▶ [Source material]:
══════════

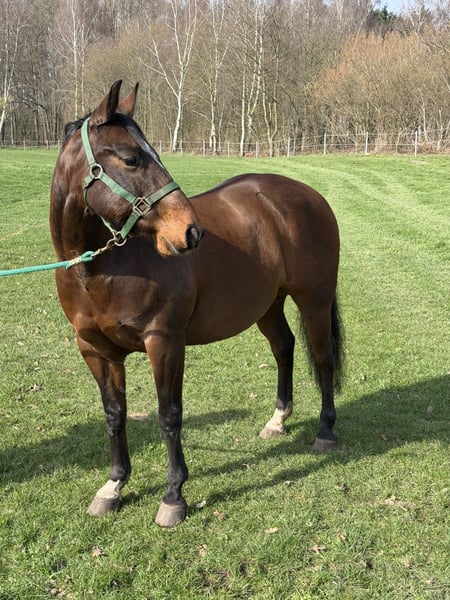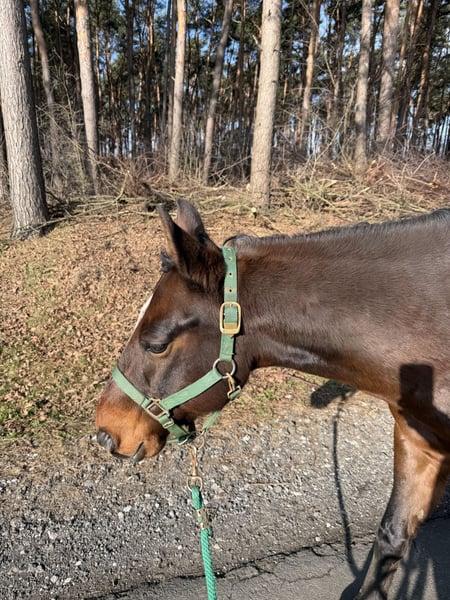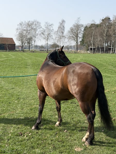 With a heavy heart, I am searching for a suitable new home for my Jac. Jac is 12 years old and an absolute character with a playful spirit. He is very people-oriented, always seeking contact with his humans, and loves spending time with them. He particularly enjoys groundwork and small tricks – he already masters some circus-like maneuvers. Jac is a mare and forms a very close bond with his main handler. Currently, Jac has a tendon injury and is shod. The injury is located in the front left leg, affecting the deep digital flexor tendon, which has a tear on the left side. According to the veterinarian’s assessment, there is a good chance that the tendon can heal completely – however, he will need time, patience, and a supportive environment. For this reason, Jac is being offered at a significantly reduced price and only with a protection contract. It is especially important to me that Jac finds a loving home where he can receive the time he needs for recovery and continue to enjoy the attention he so dearly loves. The well-being of the horse takes priority over the price. If you are genuinely interested and have further questions, I look forward to hearing from you via message or phone call.
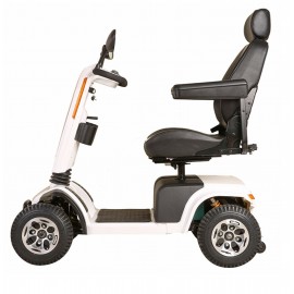 Scooter elettrico stradale a quattro ruote. Il display LCD fornisce tutte le informazioni di cui necessiti. Grazie al confortevole sistema di seduta regolabile e agli pneumatici più larghi dotati di sospensioni, ti assicurerai una guida comoda e scorrevole. Il solido e resistente paraurti frontale, ti garantirà la sicurezza necessaria. È dotato di sistema di illuminazione, frecce, clacson, cicalino di avviso retromarcia inserito. Display dotato di indicatore di tempo, temperatura, velocità e distanza percorsa.
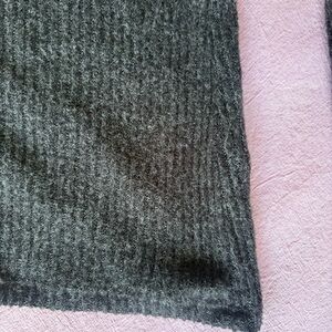 Sweater is thin but cozy and warm. Soft, comfortable, and has a good amount of stretch. A great basic that can be styled many ways, or perfect for layering to stay warm during outdoor activities in the cold. Sweater is ribbed and heathered dark grey. Turtleneck can be folded or scrunched depending on preference.
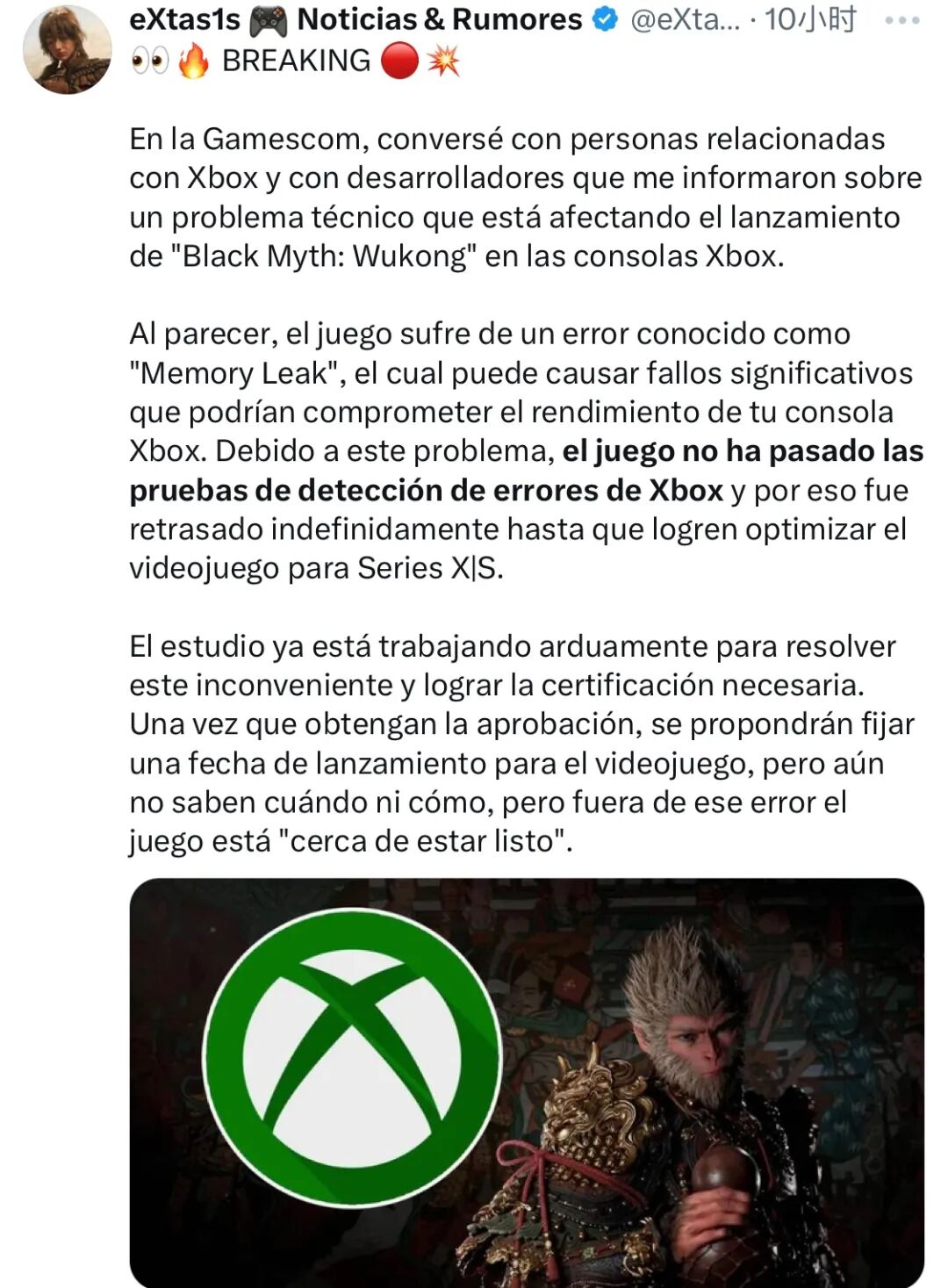 游戏博主eXtas1s透露,他在Gamescom期间与开发人员以及Xbox工作人员交流中得知,《黑神话:悟空》的Xbox版存在严重的“内存泄漏”问题,导致游戏频繁崩溃。为了解决这个问题,游戏科学团队正在对游戏进行优化,这使得Xbox版的发布日期被“无限期推迟”。除了这一关键问题之外,据称《黑神话:悟空》的 Xbox 版本已经“接近完成”,一旦内存泄漏问题得到解决,游戏的发售日期就会公布。所以Xbox玩家再耐心等等。

══════════

▶ [What the task requires]: Return the lines from the one that contains "Sweater is thin" through the final line of the listing above, inclusive. Transcribe them exactly and drop the pictures.

▶ [Solution to this task]:
 Sweater is thin but cozy and warm. Soft, comfortable, and has a good amount of stretch. A great basic that can be styled many ways, or perfect for layering to stay warm during outdoor activities in the cold. Sweater is ribbed and heathered dark grey. Turtleneck can be folded or scrunched depending on preference.
 游戏博主eXtas1s透露,他在Gamescom期间与开发人员以及Xbox工作人员交流中得知,《黑神话:悟空》的Xbox版存在严重的“内存泄漏”问题,导致游戏频繁崩溃。为了解决这个问题,游戏科学团队正在对游戏进行优化,这使得Xbox版的发布日期被“无限期推迟”。除了这一关键问题之外,据称《黑神话:悟空》的 Xbox 版本已经“接近完成”,一旦内存泄漏问题得到解决,游戏的发售日期就会公布。所以Xbox玩家再耐心等等。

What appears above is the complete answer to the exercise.